### RECORDS TO PROCESS

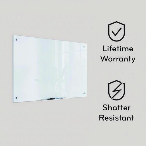 Product Details** Global Product Type Dry Erase Boards – Wall-Mount Board Surface Type(s) Dry Erase Magnetic Board Surface No Surface Material Glass Surface Color White Dedicated Projection Screen No Flipchart Mounting System No Supports Custom Surface Formatting No Board Width 72″ Board Height 36″ Preformatted Board Surface No Mounting Details Horizontal/Vertical “Floating” Wall-Mount System (Included) Product Biodegradability Indicator N Product Biodegradability in Days 0 Product Compostability Indicator N Package Includes Mounting Hardware Pre-Consumer Recycled Content Percent 0% Post-Consumer Recycled Content Percent 0% Total Recycled Content Percent 0% Disclaimer Statement Listed board dimensions have been rounded to the nearest foot. Special Features Actual Size: 70″ x 35″ Country Of Origin CN Carton Weight 42 lbs. Carton Pack Quantity 1 EA Pack Quantity 0 UPC 812296021238 UNSPSC 44111905 Shipping Weight & Item Dimensions Weight 38 lbs. Length 70 in Height 1 in Width 35 in Warranty Manufacturer’s limited lifetime warranty.
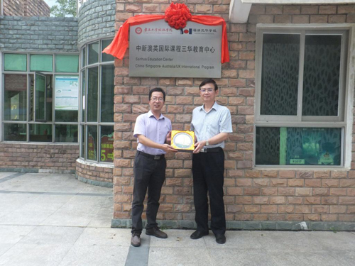 學(xué)院院長葉光煌和福清三華學(xué)校校長陳輝共同為中新澳英國際課程三華教育中心揭牌,福清三華學(xué)校副校長葉友山、鄭本慶,學(xué)院對外部主任兼國際學(xué)院院長張毅、福建省中新澳英項目總監(jiān)劉輝農(nóng)等參加了揭牌儀式。
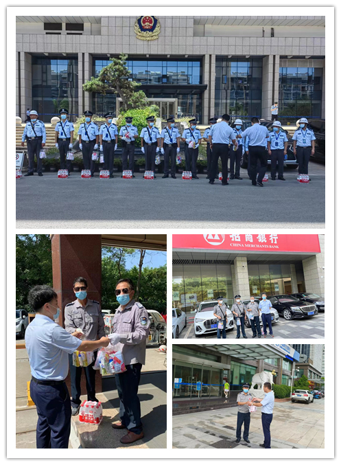 為進(jìn)一步做好常態(tài)化疫情防控形勢下的高溫天氣防暑工作,切實保障員工身體健康,近日,公司由部門領(lǐng)導(dǎo)帶頭深入基層一線,把夏日飲品、花露水、風(fēng)油精等防暑降溫用品送到保安隊員手中,叮囑隊員在夏季戶外工作中要做好防暑降溫工作,確保平安度夏。送清涼活動為堅守在一線的隊員送去一份夏日清涼,帶去一份實實在在的關(guān)切,保安隊員們也紛紛表示,將以更加嚴(yán)格的工作標(biāo)準(zhǔn)、更加飽滿的工作熱情投身工作,為常態(tài)化疫情防控和維護(hù)社會安全穩(wěn)定貢獻(xiàn)自己的力量。
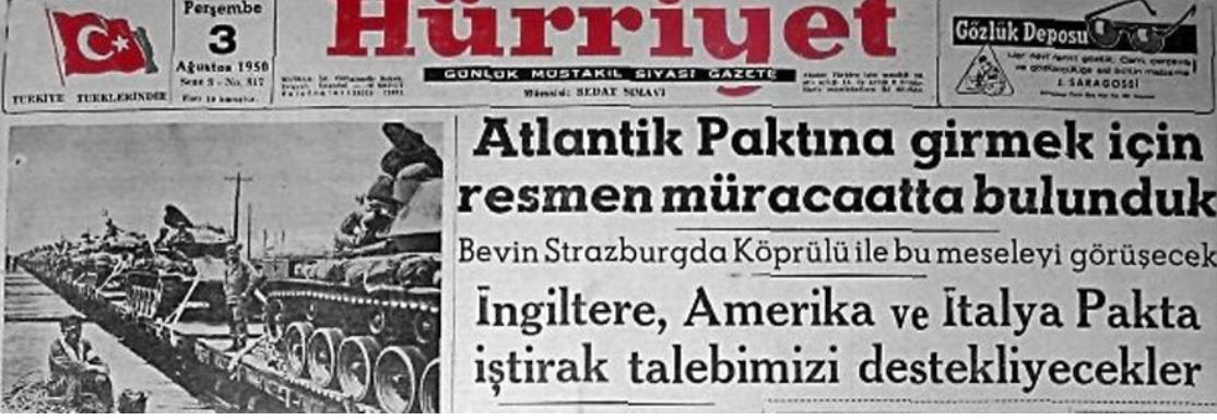 II.Dünya Savaşı sonrası yayılmacı politika izleyen Sovyetler Birliği ve yaygınlaşan sosyalist hareketlere karşı 1949 yılında 30 ülke katılımıyla Kuzey Atlantik Paktı Teşkilatı yani NATO kurulmuştur. Türkiye NATO'ya ilk başvurusunu 1950 yılında CHP iktidardayken yapmıştır fakat başvurusu olumsuz sonuçlanmıştır. Olumsuz sonuçlanmasının nedeni Türkiye'nin Kuzey Atlantik Bölgesinde olmaması gösterilmiştir. Başvurunun hemen sonrasında Kore Savaşı patlak vermiştir. Seçimi kazanarak iktidar olan Demokrat Parti zamanında Türkiye, Kore'ye asker göndermeye karar vererek Türkiye'nin NATO'ya girmesi adına önemli adımı atmış ve sonrasında NATO'ya girmek için tekrar harekete geçmiştir. Kore'ye asker gönderen Türkiye'nin NATO için önemli bir müttefik olabileceği anlaşılmış ve Sovyetler Birliği'ne karşı da Türkiye'nin jeopolitik konumunun önemli olduğu kanısına varılmıştır. Türkiye'nin yaptığı bu hamle sonrasında 1952'de resmi olarak NATO'ya üyeliği başlamıştır.
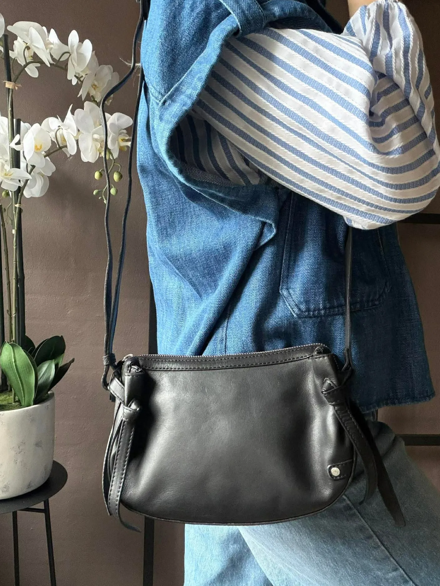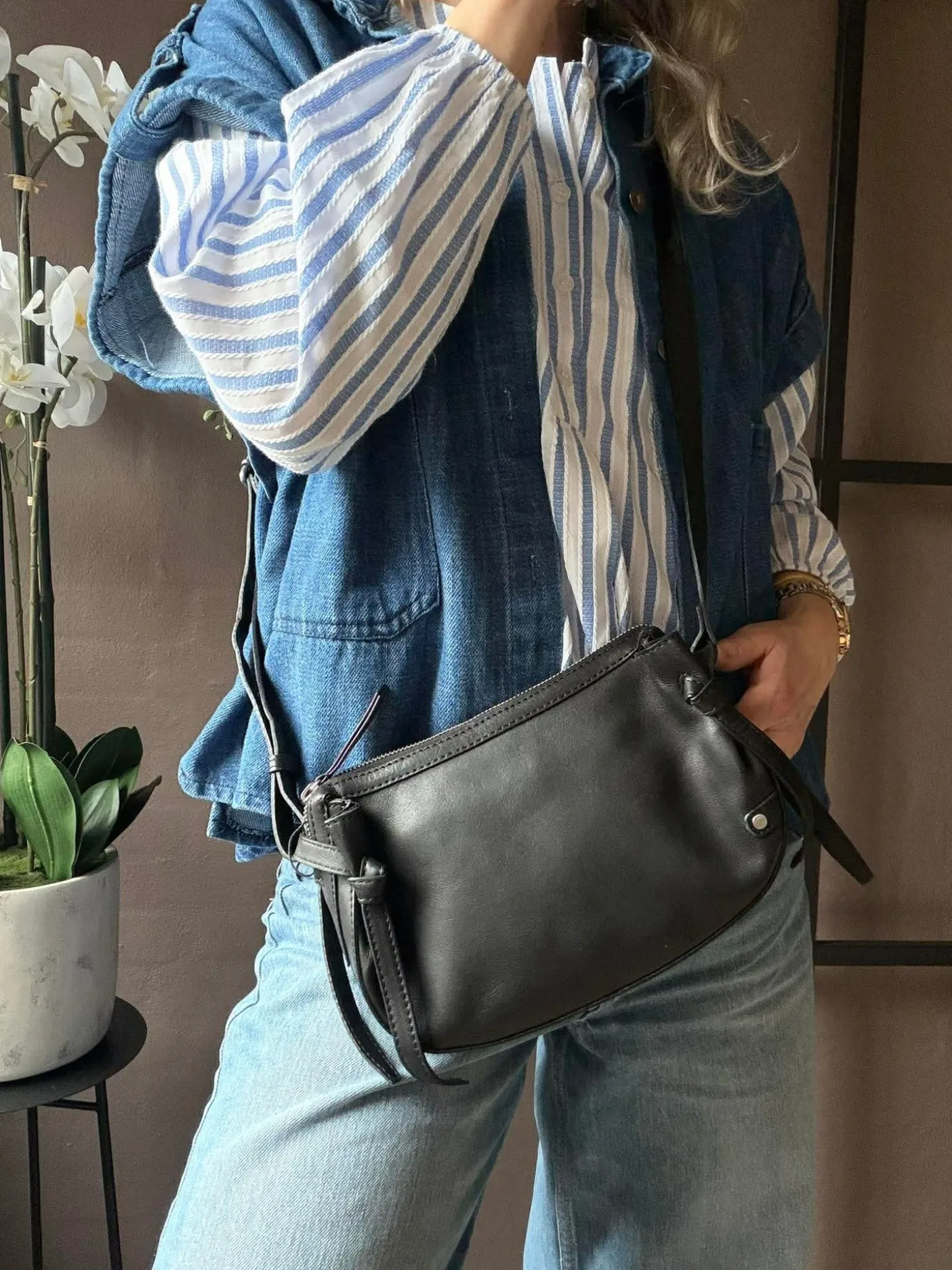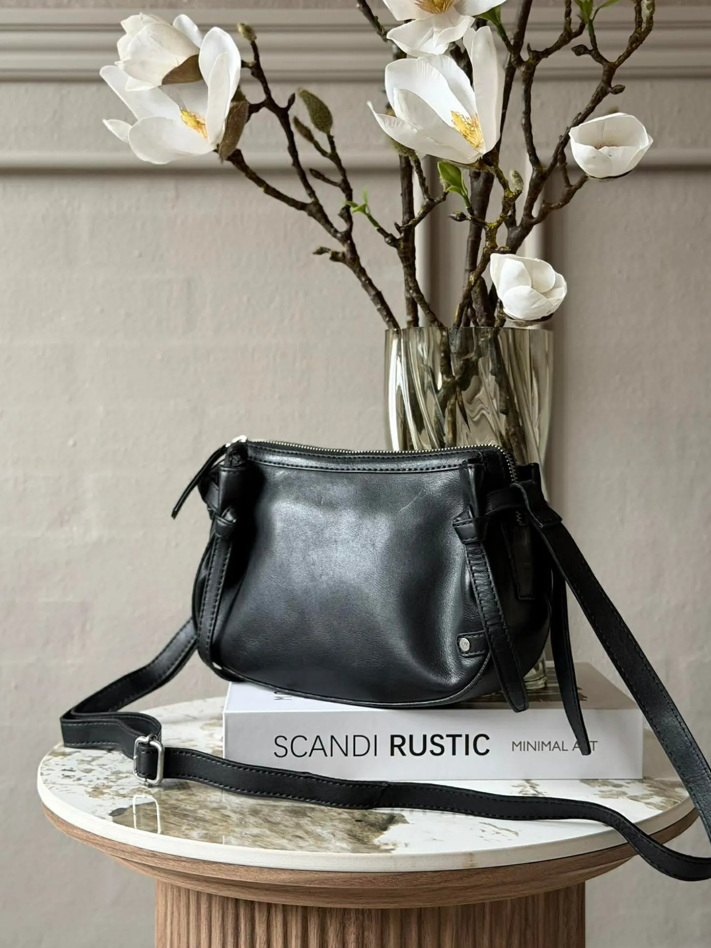 På siderne finder du fine bindebåndsdetaljer, som tilfører tasken et feminint twist.
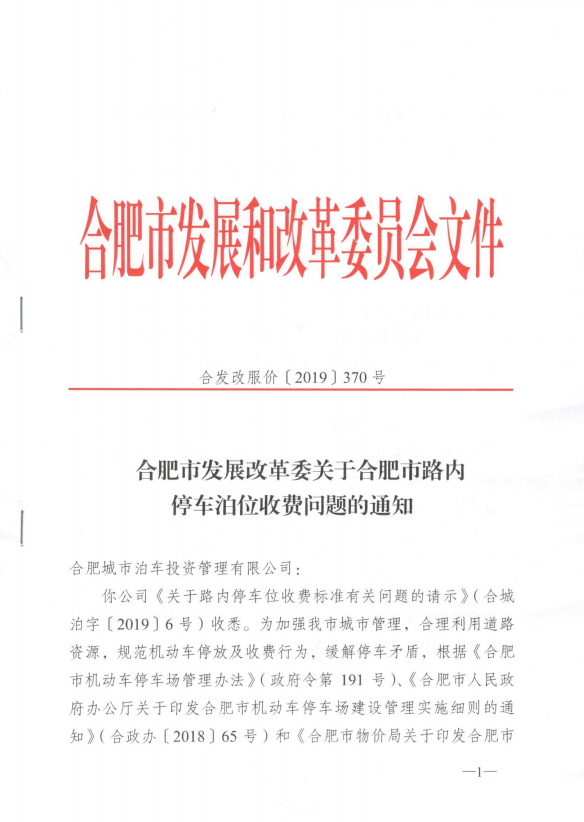 合肥市发展和改革委员会文件 合发改服价[2019] 370号
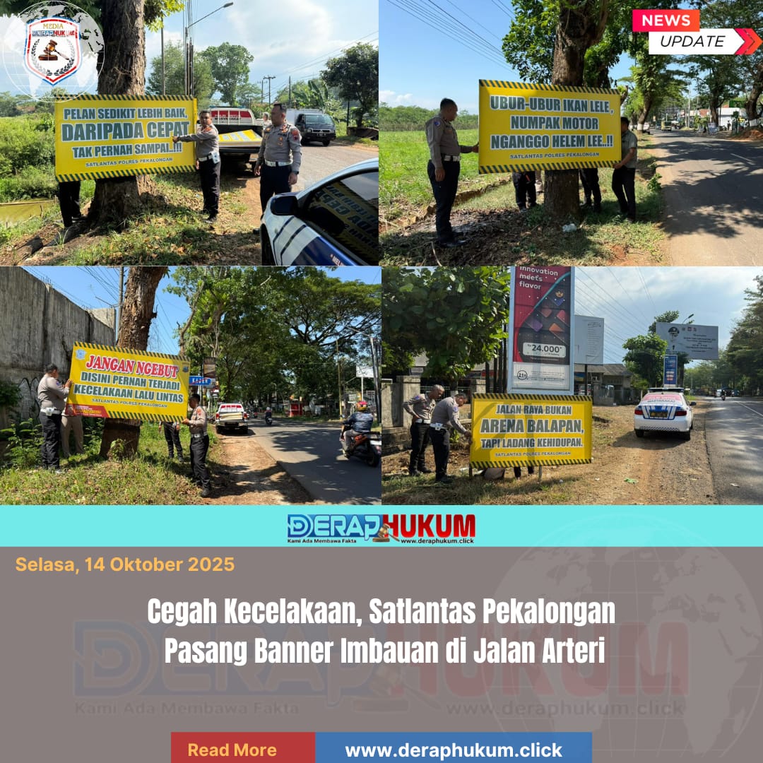 Pekalongan,Jawa Tengah | Deraphukum.click | Polres Pekalongan – Polda Jateng – Satlantas Polres Pekalongan melakukan pemasangan banner imbauan rawan kecelakaan lalu lintas (laka lantas) di jalur arteri wilayah Kabupaten Pekalongan. Kegiatan ini digelar pada Senin (13/10/2025) pagi di Jalan Pahlawan Gejlig, Kajen, yang merupakan salah satu titik rawan kecelakaan di daerah tersebut.

######

Starting at the first line of the data, set down each line exactly until you have copied the line with "學(xué)院院長葉光煌和福", but leave the pictures out.

 Product Details** Global Product Type Dry Erase Boards – Wall-Mount Board Surface Type(s) Dry Erase Magnetic Board Surface No Surface Material Glass Surface Color White Dedicated Projection Screen No Flipchart Mounting System No Supports Custom Surface Formatting No Board Width 72″ Board Height 36″ Preformatted Board Surface No Mounting Details Horizontal/Vertical “Floating” Wall-Mount System (Included) Product Biodegradability Indicator N Product Biodegradability in Days 0 Product Compostability Indicator N Package Includes Mounting Hardware Pre-Consumer Recycled Content Percent 0% Post-Consumer Recycled Content Percent 0% Total Recycled Content Percent 0% Disclaimer Statement Listed board dimensions have been rounded to the nearest foot. Special Features Actual Size: 70″ x 35″ Country Of Origin CN Carton Weight 42 lbs. Carton Pack Quantity 1 EA Pack Quantity 0 UPC 812296021238 UNSPSC 44111905 Shipping Weight & Item Dimensions Weight 38 lbs. Length 70 in Height 1 in Width 35 in Warranty Manufacturer’s limited lifetime warranty.
 學(xué)院院長葉光煌和福清三華學(xué)校校長陳輝共同為中新澳英國際課程三華教育中心揭牌,福清三華學(xué)校副校長葉友山、鄭本慶,學(xué)院對外部主任兼國際學(xué)院院長張毅、福建省中新澳英項目總監(jiān)劉輝農(nóng)等參加了揭牌儀式。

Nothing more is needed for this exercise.